WandB errors experienced by users

Open louisfh opened 5 months ago

louisfh commented 5 months ago

Discussed in

A number of users have had issues with wandb. I have not been able to recreate the bug on a linux machine or my mac. The users who had the problem may all be using windows machines (2 out of 3 definitely were). The offending line from one user's traceback is: FileNotFoundError: [Errno 2] No such file or directory: 'C:\Users\lscala\AppData\Local\Temp\tmplk94vkyk\Samples / training samples.table.json'

I think this might be because when we log to wandb, we include a forward slash in the name of the log, which apparently wandb includes in the name of the json file. I suspect on window's machines, this forward slash in a filepath is not handled well (it might be interpreted as an escape character). We would have to change lines like this:

We could get rid of the forward slash and see if that fixes things. However @sammlapp said this is used by wandb for subgrouping things in the web gui.

louisfh commented 5 months ago

/ is apparently a reserved character, and can't be used in filenames on windows machines.

louisfh commented 5 months ago

@sammlapp Maybe we can use nested dictionaries instead to nest stuff in the wandb gui?

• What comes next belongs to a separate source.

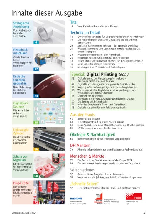 Drupa 2024: Die weltweit größte Messe für Drucktechnologie startet +++ Strategische Ausrichtung: Vom Klebebandhersteller zum Partner +++ Flexodruckmaschinen: Zusatzdruckwerke für Veredelungen mit Mehrwert +++ Kubische Lamellengeometrie: Neue Rakel sorgt für stabilen Liniendruck +++ Digitalduck-Systeme: Die Anzahl der Anbieter steigt rasant +++ Lightweight-Zylinder: Drucktest unter erschwerten Bedingungen

louisfh commented 4 months ago

I used a windows machine, installed opensoundscape according to the current windows install docs, and was not able to recreate the issue. So apparently the / thing above is not an issue.

Here's pip list of the working environment on Windows Subsystem for Linux (package list omitted for brevity)

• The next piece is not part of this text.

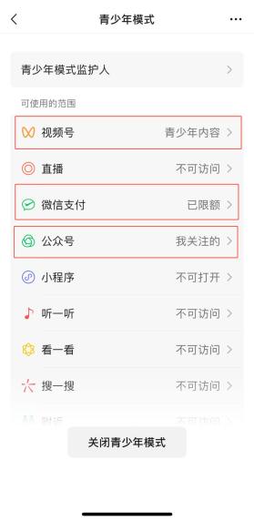 开启微信青少年模式后,青少年客户累计使用视频号和直播时间达到40分钟后,监护人需要输入密码才能延长使用时间,视频号和直播服务不能在每天晚上22:00到第二天早上6:00使用。如果他们需要使用它们,他们必须得到监护人的授权。

paulpeyret-biophonia commented 1 month ago

Hi @louisfh ! I have the same issue here and maybe some ideas to fix it:

Configuration and error description

My configuration is the following : OS: windows 11 IDE: VSCode OPSO version : 0.10.1 wandb version : 0.13.11

The error is happening while running model.train() function 'C:\Users\MyUsername\AppData\Local\Temp\tmph8mf5v6o\Samples / training samples.table.json'

The error happen in file at line 842: when calling wandb_session.log()

Steps to reproduce

I managed to reproduce the bug in a notebook by calling the following lines after creating a model and a dataset :

from opensoundscape import AudioFileDataset
from opensoundscape.logging import wandb_table
afd=AudioFileDataset(train_df, model.preprocessor, bypass_augmentations=False)
wandb_session.log({"Samples / training samples":table})

Causes and fix

It seems like the space before the "/" in the dictionary keys provided are causing the error on windows OS. I deleted all spaces before "/" and it solved the issue.

"Samples / training samples" becomes "Samples/training_samples" (line 844) "Samples / training samples no aug" becomes "Samples/ training samples no aug" (line 850) and "Samples / validation samples" becomes "Samples/ validation samples" (line 856)

I can see this have been patched in branch patch_wandb_windows. Just sharing what i found, hopefully this could help making it cross platform. 😊


sammlapp commented 1 month ago

Thanks for looking into this and sharing your findings! This is helpful, as we weren't sure if the "/" character was involved in the bug or not

sammlapp commented 1 month ago

@paulpeyret-biophonia since I don't have a windows machine to test on, I'd be curious if the branch patch_wandb_windows works for you, and successfully logs tables of samples to wandb

sammlapp commented 1 month ago

the patch_wandb_windows branch isn't working. Weirdly, the syntax

{"Samples":{"training_samples": table}}

is breaking, instead of creating a section Samples and a table inside it, it creates a blank table in the Tables section.

We can just stop using nested tables and instead log tables to the default Tables section.